Author : Carol A. Hess
Publisher : University of Chicago Press
Page : 361 pages
File Size : 36,50 MB
Release : 2001
Category : Music
ISBN : 0226330389
Although studies of Modernism have focused largely on European nations, Spain has been conspicuously neglected. As Carol A. Hess argues in this compelling book, such neglect is wholly undeserved. Through composer Manuel de Falla (1876-1946), Hess explores the advent of Modernism in Spain in relation to political and cultural tensions prior to the Spanish Civil War. The result is a fresh view of the musical life of Spain that departs from traditional approaches to the subject and reveals an open and constantly evolving aesthetic climate.
Author : Leo Plenckers
Publisher : Archaeopress Publishing Ltd
Page : 212 pages
File Size : 18,50 MB
Release : 2021-12-16
Category : Music
ISBN : 1789699339
This book offers a comprehensive survey of the history and the development of Arab music and musical theory from its pre-Islamic roots until 1970, as well as a discussion of the major genres and forms practiced today, such as the Egyptian gīl, the Algerian raï and Palestinian hip hop; it also touches upon musical instruments and folk music.
Author : Richard L. Kagan
Publisher : University of Illinois Press
Page : 314 pages
File Size : 10,64 MB
Release : 2002
Category : Public opinion
ISBN : 9780252027246
Setting aside the pastiche of bullfighters and flamenco dancers that has dominated the U.S. image of Spain for more than a century, this innovative volume uncovers the roots of Spanish studies to explain why the diversity, vitality, and complexity of Spanish history and culture have been reduced in U.S. accounts to the equivalent of a tourist brochure. Spurred by the complex colonial relations between the United States and Spain, the new field of Spanish studies offered a way for the young country to reflect a positive image of itself as a democracy, in contrast with perceived Spanish intolerance and closure.
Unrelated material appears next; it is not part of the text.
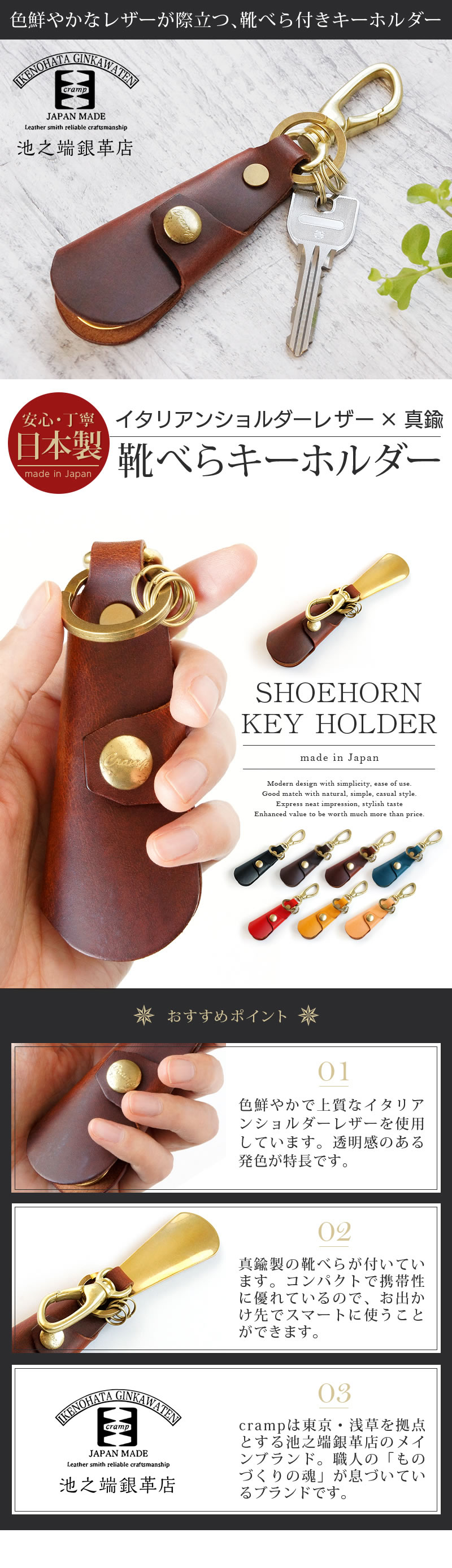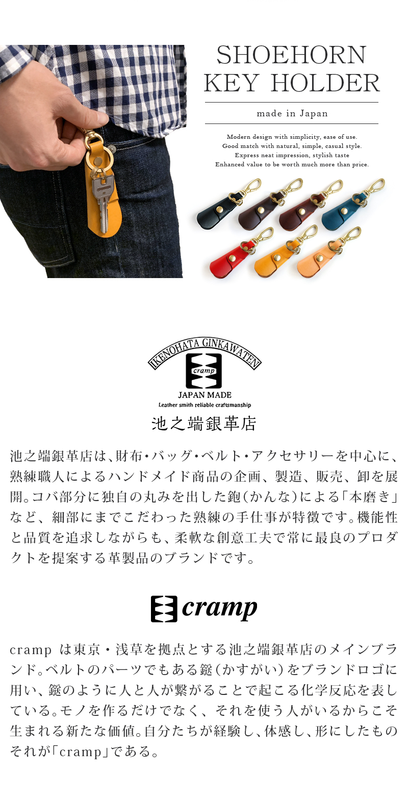 『池之端銀革店 cramp イタリアンレザー 靴べらキー ホルダー』 本革 日本製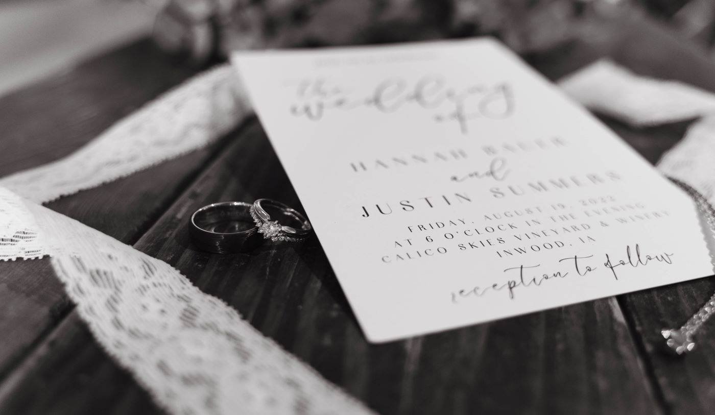 Wedding detail photo of invitation and rings with wood background

Spain in America investigates the political and historical forces behind this duality, surveying the work of the major nineteenth-century U.S. Hispanists in the fields of history, art history, literature, and music. A distinguished panel of contributors offers fresh examinations of the role of U.S. writers, especially Washington Irving and Henry Wadsworth Longfellow, in crafting a wildly romantic vision of Spain. They examine the views of such scholars as William H. Prescott and George Ticknor, who contrasted the "failure" of Spanish history with U.S. exceptionalism. Other essays explore how U.S. interests in Latin America consistently colored its vision of Spain and how musicology in the United States, dominated by German émigrés, relegated Spanish music to little more than a footnote. Also included are profiles of the philanthropist Archer Mitchell Huntington and the pioneering art historians Georgiana Goddard King and Arthur Kingsley Porter, who spearheaded U.S. interest in the architecture and sculpture of medieval Spain. Providing a much-needed look at the development and history of Hispanism, Spain in America opens the way toward confronting and modifying reductive views of Spain that are frozen in another time.